_ASSIGNED TASK_
Among the entries below, take the line with "ISLAMABAD: PM Imran" and the line with "Zinedine Zidane with", and output them and every line between them exactly, with nothing else.

_EXERCISE INPUT_
#####

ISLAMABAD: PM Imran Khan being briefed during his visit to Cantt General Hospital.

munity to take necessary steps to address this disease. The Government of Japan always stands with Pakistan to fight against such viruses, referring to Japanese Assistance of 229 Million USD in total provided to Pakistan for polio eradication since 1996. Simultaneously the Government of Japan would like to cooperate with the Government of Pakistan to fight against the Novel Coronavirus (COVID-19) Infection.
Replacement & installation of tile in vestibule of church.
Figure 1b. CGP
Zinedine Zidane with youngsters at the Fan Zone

#####

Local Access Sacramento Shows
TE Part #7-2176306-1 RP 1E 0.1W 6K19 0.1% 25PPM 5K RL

#####

_SOLUTION_
ISLAMABAD: PM Imran Khan being briefed during his visit to Cantt General Hospital.

munity to take necessary steps to address this disease. The Government of Japan always stands with Pakistan to fight against such viruses, referring to Japanese Assistance of 229 Million USD in total provided to Pakistan for polio eradication since 1996. Simultaneously the Government of Japan would like to cooperate with the Government of Pakistan to fight against the Novel Coronavirus (COVID-19) Infection.
Replacement & installation of tile in vestibule of church.
Figure 1b. CGP
Zinedine Zidane with youngsters at the Fan Zone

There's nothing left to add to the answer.